2 Rechtbank Arnhem 1 februari 2008, nr. AWB 07/1773, LJN: BC5592, V-N 2008/26.2.4
en NTFR 2008/535.
3 Gerechtshof Arnhem 24 november 2009, nr. 08/00121, LJN: BK6115, V-N 2010/18.20
met noot redactie en NTFR 2010/24 met noot M. Kastelein.
4 Zie onderdeel 3. van de uitspraak van de Rechtbank.
5 Zie r.o. 4. van de uitspraak van de Rechtbank.
6 Zie onderdeel 3.2 van de uitspraak van het Hof.
7 Wet van 30 december 1983, Stb. 689.
8 Kamerstukken II, 1981/1982, 16 787, nr. 6, blz. 10, 16-19.
9 Wet van 27 april 1989, Stb. 122 en 123.
10 Met ingang van 1992 is deze bepaling opgenomen in artikel 45c Wet IB 1964,
Wet van 12 december 1991, Stb. 697.
11 Kamerstukken II, 1987/1988, 20 595, nr. 3, blz. 37-38.
12 Wet van 12 december 1991, Stb. 697.
13 Kamerstukken II, 1988/89, 21 198, nr. 3, blz. 50.
14 Vóór 1997 stond deze bepaling in lid 4.

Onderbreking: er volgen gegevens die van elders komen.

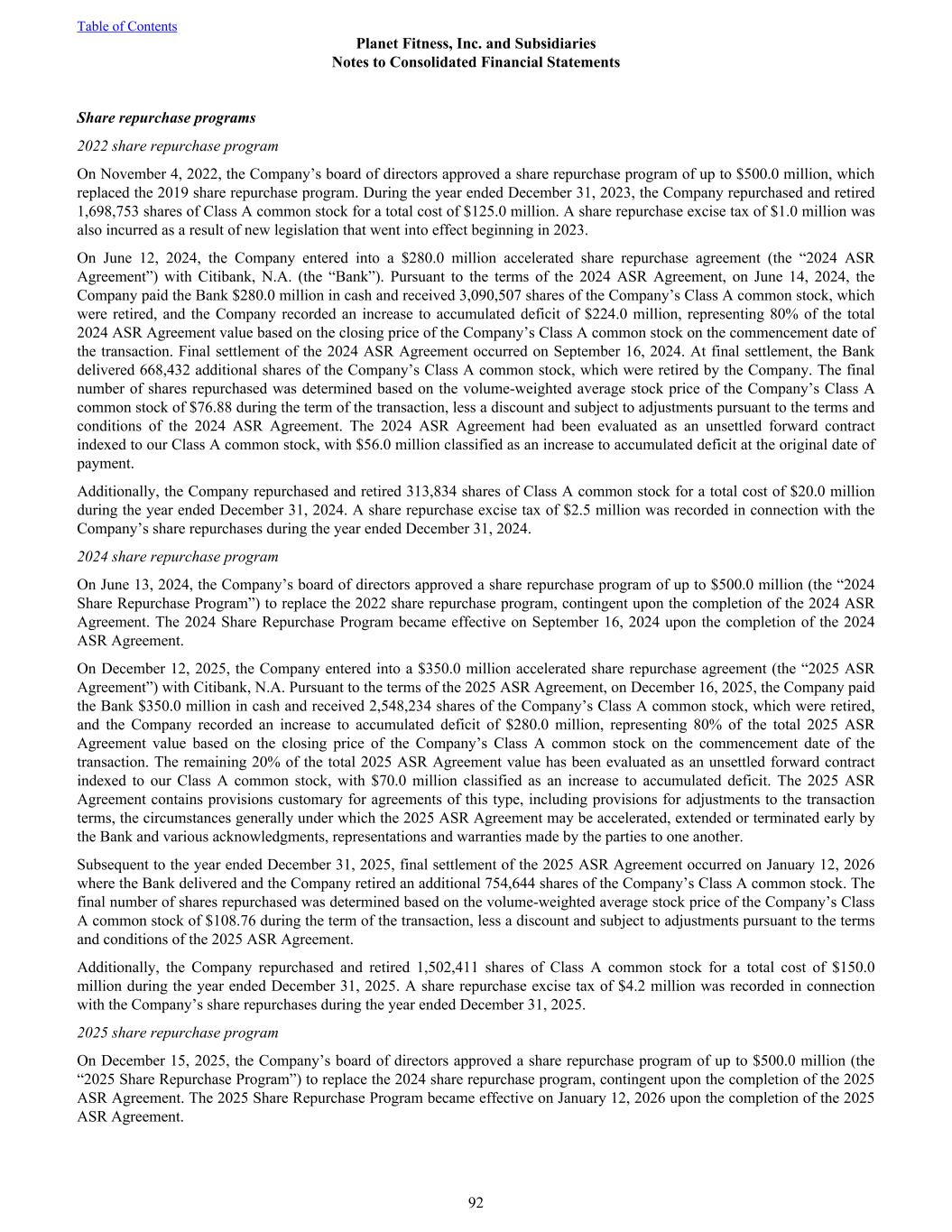 Share repurchase programs 2022 share repurchase program On November 4, 2022, the Company’s board of directors approved a share repurchase program of up to $500.0 million, which replaced the 2019 share repurchase program. During the year ended December 31, 2023, the Company repurchased and retired 1,698,753 shares of Class A common stock for a total cost of $125.0 million. A share repurchase excise tax of $1.0 million was also incurred as a result of new legislation that went into effect beginning in 2023. On June 12, 2024, the Company entered into a $280.0 million accelerated share repurchase agreement (the “2024 ASR Agreement”) with Citibank, N.A. (the “Bank”). Pursuant to the terms of the 2024 ASR Agreement, on June 14, 2024, the Company paid the Bank $280.0 million in cash and received 3,090,507 shares of the Company’s Class A common stock, which were retired, and the Company recorded an increase to accumulated deficit of $224.0 million, representing 80% of the total 2024 ASR Agreement value based on the closing price of the Company’s Class A common stock on the commencement date of the transaction. Final settlement of the 2024 ASR Agreement occurred on September 16, 2024. At final settlement, the Bank delivered 668,432 additional shares of the Company’s Class A common stock, which were retired by the Company. The final number of shares repurchased was determined based on the volume-weighted average stock price of the Company’s Class A common stock of $76.88 during the term of the transaction, less a discount and subject to adjustments pursuant to the terms and conditions of the 2024 ASR Agreement. The 2024 ASR Agreement had been evaluated as an unsettled forward contract indexed to our Class A common stock, with $56.0 million classified as an increase to accumulated deficit at the original date of payment. Additionally, the Company repurchased and retired 313,834 shares of Class A common stock for a total cost of $20.0 million during the year ended December 31, 2024. A share repurchase excise tax of $2.5 million was recorded in connection with the Company’s share repurchases during the year ended December 31, 2024. 2024 share repurchase program On June 13, 2024, the Company’s board of directors approved a share repurchase program of up to $500.0 million (the “2024 Share Repurchase Program”) to replace the 2022 share repurchase program, contingent upon the completion of the 2024 ASR Agreement. The 2024 Share Repurchase Program became effective on September 16, 2024 upon the completion of the 2024 ASR Agreement. On December 12, 2025, the Company entered into a $350.0 million accelerated share repurchase agreement (the “2025 ASR Agreement”) with Citibank, N.A. Pursuant to the terms of the 2025 ASR Agreement, on December 16, 2025, the Company paid the Bank $350.0 million in cash and received 2,548,234 shares of the Company’s Class A common stock, which were retired, and the Company recorded an increase to accumulated deficit of $280.0 million, representing 80% of the total 2025 ASR Agreement value based on the closing price of the Company’s Class A common stock on the commencement date of the transaction. The remaining 20% of the total 2025 ASR Agreement value has been evaluated as an unsettled forward contract indexed to our Class A common stock, with $70.0 million classified as an increase to accumulated deficit. The 2025 ASR Agreement contains provisions customary for agreements of this type, including provisions for adjustments to the transaction terms, the circumstances generally under which the 2025 ASR Agreement may be accelerated, extended or terminated early by the Bank and various acknowledgments, representations and warranties made by the parties to one another. Subsequent to the year ended December 31, 2025, final settlement of the 2025 ASR Agreement occurred on January 12, 2026 where the Bank delivered and the Company retired an additional 754,644 shares of the Company’s Class A common stock. The final number of shares repurchased was determined based on the volume-weighted average stock price of the Company’s Class A common stock of $108.76 during the term of the transaction, less a discount and subject to adjustments pursuant to the terms and conditions of the 2025 ASR Agreement. Additionally, the Company repurchased and retired 1,502,411 shares of Class A common stock for a total cost of $150.0 million during the year ended December 31, 2025. A share repurchase excise tax of $4.2 million was recorded in connection with the Company’s share repurchases during the year ended December 31, 2025. 2025 share repurchase program On December 15, 2025, the Company’s board of directors approved a share repurchase program of up to $500.0 million (the “2025 Share Repurchase Program”) to replace the 2024 share repurchase program, contingent upon the completion of the 2025 ASR Agreement. The 2025 Share Repurchase Program became effective on January 12, 2026 upon the completion of the 2025 ASR Agreement. Table of Contents Planet Fitness, Inc. and Subsidiaries Notes to Consolidated Financial Statements 92

15 Kamerstukken II, 1988/1989, 21 198, nr. 3, blz. 96.
16 Kamerstukken II, 1998/1999, 26 728, nr. 3, blz. 84-85.
17 Kamerstukken II, 1998/1999, 26 728, nr. 3, blz. 88-89.

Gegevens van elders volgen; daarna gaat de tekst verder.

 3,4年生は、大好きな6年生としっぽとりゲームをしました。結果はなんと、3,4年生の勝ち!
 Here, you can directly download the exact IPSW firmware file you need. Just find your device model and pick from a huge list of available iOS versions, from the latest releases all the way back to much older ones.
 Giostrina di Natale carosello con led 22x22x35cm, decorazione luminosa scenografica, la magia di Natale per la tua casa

18 Kamerstukken II, 1999/2000, 26 728, nr. 6, blz. 96-97.
19 Kamerstukken II, 1999/2000, 26 728, nr. 7, blz. 27-28.
20 Thans opgenomen in artikel 3.100 wet IB 2001, zij het in een andere vorm.
21 Kamerstukken II, 1998/1999, 26 727, nr. 3, blz. 139.

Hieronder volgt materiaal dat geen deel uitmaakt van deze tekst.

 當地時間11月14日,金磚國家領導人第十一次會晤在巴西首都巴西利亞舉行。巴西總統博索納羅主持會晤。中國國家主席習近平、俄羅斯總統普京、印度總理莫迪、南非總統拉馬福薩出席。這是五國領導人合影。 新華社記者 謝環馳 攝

22 In HR 11 juni 1997, nr. 31 193, LJN: AA2173, oordeelde de Hoge Raad, kort
gezegd, dat in overeenstemming met de strekking van de Resolutie bij de toepassing
van de verruimde saldomethode rekening mag worden gehouden met het feit dat
in de jaren dat verzuimd werd premies in aftrek te brengen, inkomsten zijn verzwegen.
23 HR 21 oktober 1992, nr. 28 301, LJN: ZC5133, BNB 1993/26 met noot P. den
Boer, FED 1992/ 843, VN 1992/3487 met noot redactie en WFR 1992/1622.
24 Fiscale Encyclopedie De Vakstudie, onderdeel Inkomstenbelasting 1964, Artikelsgewijs
commentaar bij artikel 45c, aantekening 16.
25 De woorden 'in beginsel' houden verband met de correctie in artikel I, onderdeel
T, lid 3, Invoeringswet Wet IB 2001 (zie 4.13).